Nous ne nous engagerons pas sur des projets sans avoir des certitudes sur leurs impacts sur les conditions de travail et l’emploi.

Le compte-épargne temps (CET), quelle utilité pour les ouvriers et agents de maîtrises concernés par la pénibilité ?

La direction tente alors de rééquilibrer l’accord. Elle valide ainsi la revendication de l’UNSA sur le compte-épargne temps. Mais cette disposition est bien maigre et très (trop) encadrée par l’employeur.

Le temps placé sur ce compte devra être pris au maximum tous les 5 ans hormis pour les salariés de + de 55 ans qui pourront épargner jusqu’à leur départ en retraite.
Le nombre de jours épargnables sera de 10 jours max par an.
La direction refuse d’abonder le temps épargné.

Pour la CGT ce compte n’aura pas beaucoup d’intérêt pour les salariés exposés à la pénibilité.

Ils auront donc le droit de réduire leur repos, donc accroitre leur pénibilité pour bénéficier plus tard du temps épargné.

Tous les salariés ne seront pas égaux pour alimenter ce compte. Les salariés de nuit et en 3×8 qui génèrent du RC de nuit ne pourront pas placer ce temps sur leur CET car ce temps est considéré comme physiologique et doit obligatoirement être pris dans les 2 mois.
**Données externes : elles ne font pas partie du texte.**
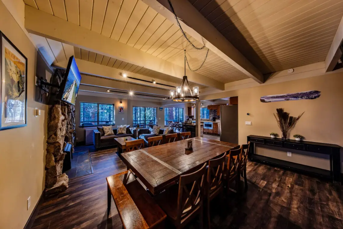 Walk to Heavenly’s California Base, then come home to a true Tahoe lodge—two big living areas, a game lounge with pool/shuffleboard + wet bar, and decks with slopeside views. Cook like a pro in the Wolf-equipped chef’s kitchen, then unwind in the 8-person hot tub or indoor sauna. Rainfall showers and a king primary suite add a spa-level reset. Perfect for families and friend groups up to 12 who want ski days and cozy nights. Fast Wi-Fi, easy parking, and beds made for deep sleep.
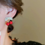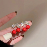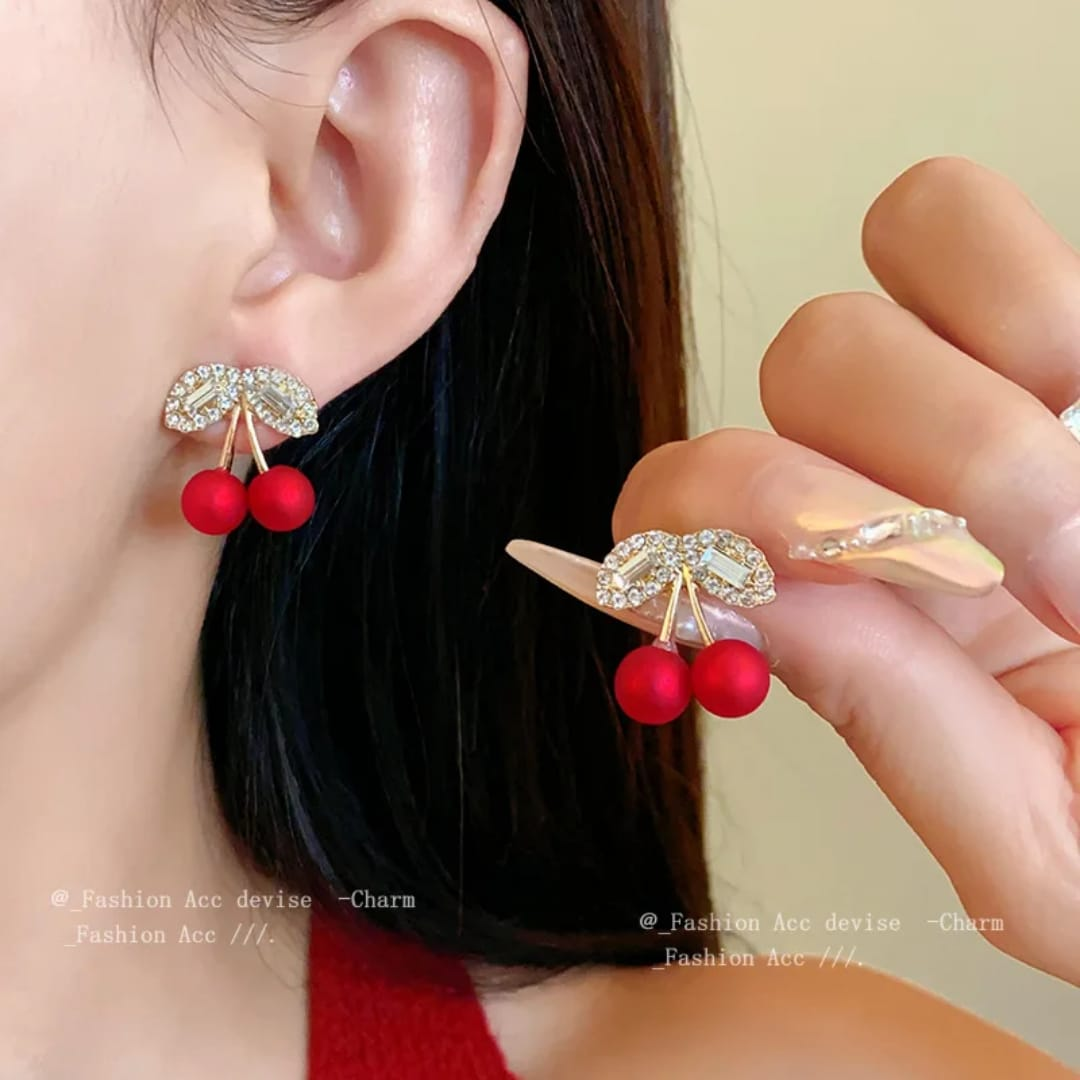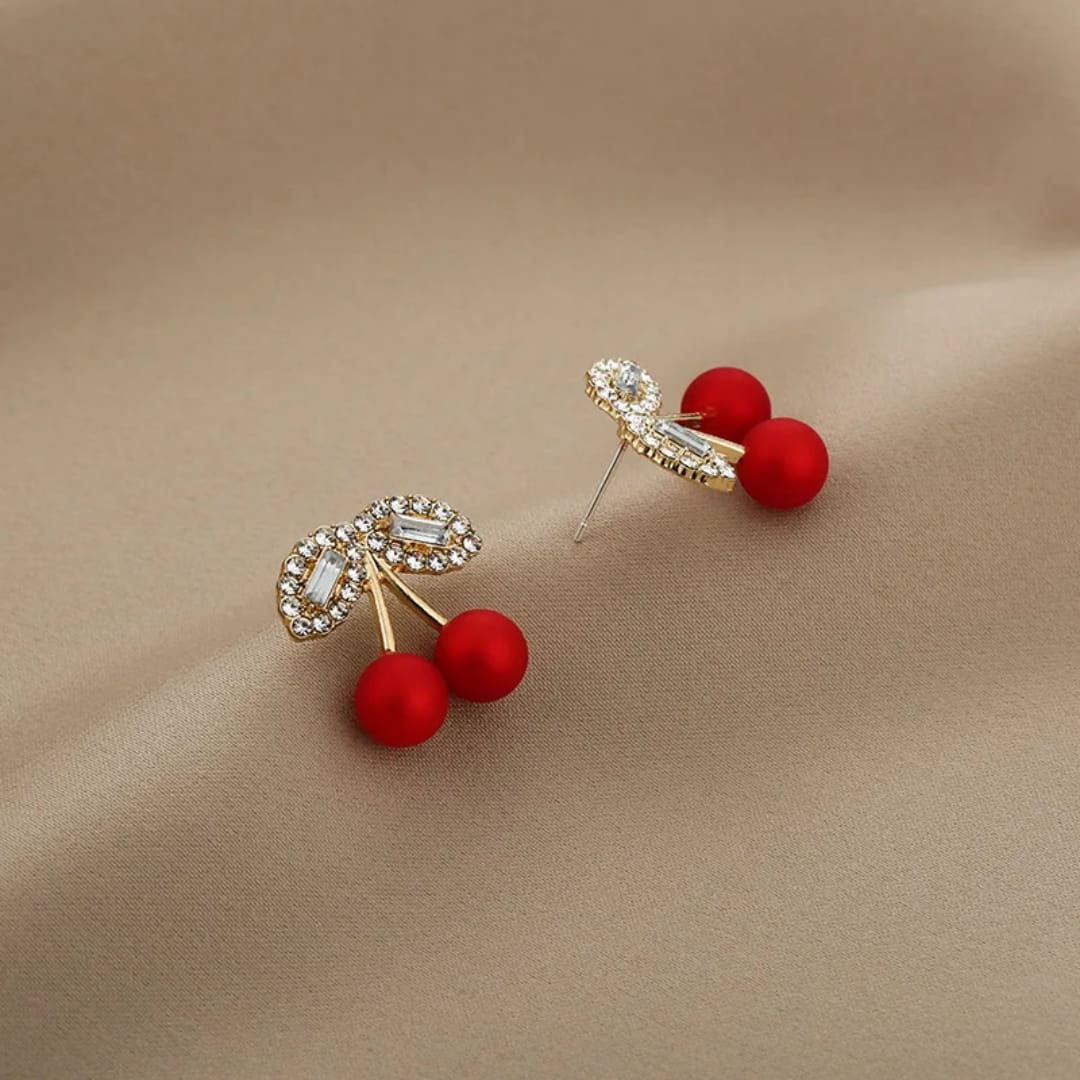 Playful, chic, and undeniably charming — the Cherry Sparkle Crystal Stud Earrings bring a pop of color and whimsy to any outfit. Featuring two vibrant matte red cherry drops suspended from glittering gold stems, the earrings are topped with dazzling leaf-shaped studs adorned with clear baguette and round crystals. The perfect mix of fun and elegance, these earrings are a standout accessory for youthful, lively looks.

Ce compte n’aurait au final qu’un seul but, faire travailler plus pendant les périodes de « hautes activités » et faire prendre les heures pendant les périodes de basses activités. Il n’est donc pour nous pas question de prévention de la pénibilité mais d’adapter toujours plus l’être humain au fonctionnement de l’usine. Chose que nous refusons car nous estimons aujourd’hui que cet accord doit contenir des droits :

  • droit pour les salariés de travailler à temps partiel à partir de 55 ans (80 % payé à 90 %)
  • droit pour les salariés de ne plus travailler en 3×8 ou en nuit fixe sans perte de salaire à partir de 50 ans.
  • Semaine de 4 nuits pour les équipes de nuits fixes, le vendredi est sur la base du volontariat.
  • Augmentation de la majoration des RC de nuit.
  • Jours d’ancienneté à partir de 10 ans pour tous les salariés.

Fait à Chantepie, le 20 mai 2019.
Le syndicat CGT Oberthur Fiduciaire.